Collect data across numerically-paginated webpages

Some sites split content up across multiple pages. When working with paginated websites that use numerical navigation (listing each page as a number), you can use the paginate function from the AgentQL SDK to collect data from all pages.

note

The paginate function only supports web pages that use numerical pagination or provide links/buttons to navigate to the next page. It doesn't support other forms of pagination, like alphabetically paginated web pages.

Overview

This guide shows how to use the paginate function to collect data from all pages of a paginated website and save the data to a JSON file.

Writing the query

For this guide, the goal is to query all post titles from the first 3 pages of hackernews feed page.

First, you need to write a query that returns the post titles on each page:

{
    posts[] {
        title
    }
}

Using the pagination function

Next, you can use the paginate function to automatically scrape through specified number of pages and retrieve the aggregated data. In this example, the paginate function takes the following arguments:

  • page: An AgentQL Page object of the webpage you want to scrape.
  • query: An AgentQL query in String format that specifies the data to extract on each page.
  • number_of_pages: Number of pages to paginate over.
pagination_function.py
python
paginated_data = paginate(page, QUERY, 3)

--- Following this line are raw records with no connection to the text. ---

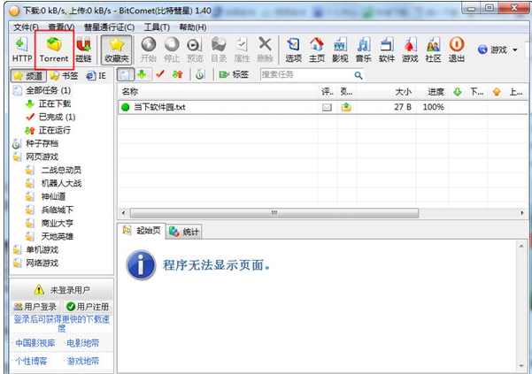 1.将电脑里的种子文件(.torrent)文件拖到软件窗口或者点击左上角的Torrent按钮,然后选择要下载的种子文件即可。
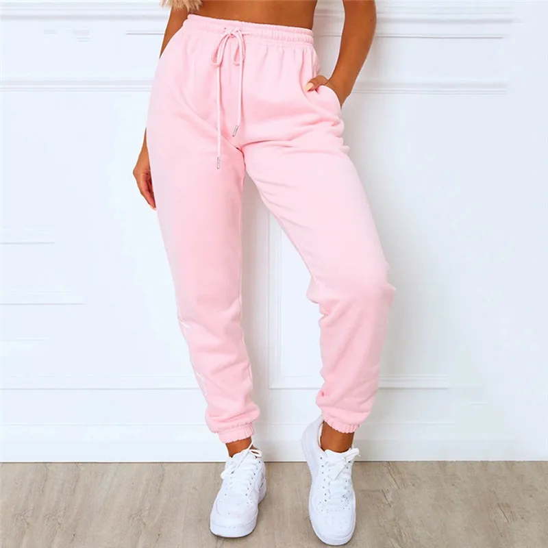 Женские повседневные свободные спортивные штаны, 7 цветов, Женские однотонные спортивные штаны для бега с эластичным поясом и завязками с карманами
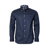 The Eden Park Men's Dark Blue Shirt is a high-quality shirt with a regular fit and a classic button-down collar. It is made from a fine weave of 100% cotton, which gives it a soft and smooth texture. The shirt features a unique XV embroidery in tie fabric on the back, along with three tricolor rooster patches, adding a touch of sophistication to the design. Additionally, there is a small XV embroidery and a silicone rooster patch on the right sleeve, further adding to the shirt's elegant look. The shirt also features the brand's signature oval buttons and a tie fabric inside the collar, making it stand out from traditional button-down shirts. The Eden Park logo is prominently displayed on the chest in an oval shape, adding a subtle branding element. The shirt has a rounded base, giving it a modern and stylish look. The dark blue color of the shirt is versatile and can be easily paired with different outfits. The Eden Park Men's Dark Blue Shirt is a must-have for any man's wardrobe, offering a perfect blend of style, quality, and comfort. Its attention to detail and unique design elements make it a standout piece that will elevate any outfit. SPECIFICATIONS
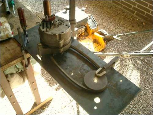 Images below shows test fitting the alternator and engine. There's a curved slot in the 8mm steel mounting plate to be able to tension the belt by varying place of the alternator.

Internally, the paginate function first attempts to find the operable element to navigate to the next page and clicks it, then uses the provided query to extract the data from the page. The function then repeats this process for the specified number of pages.

Finally, here's the complete script to save the paginated data into a JSON file:

hackernews_pagination.py
python
with sync_playwright() as playwright, playwright.chromium.launch(headless=False) as browser:
    page = agentql.wrap(browser.new_page())
    page.goto("https://news.ycombinator.com/")

    QUERY = """
    {
        posts[] {
            title
        }
    }
    """
    paginated_data = paginate(page, QUERY, 3)

    with open("./hackernews_paginated_data.json", "w") as f:
        json.dump(paginated_data, f, indent=4)
    log.debug("Paginated data has been saved to hackernews_paginated_data.json")

If you want to take a look at the final version of this example, it's available in AgentQL's GitHub examples repo.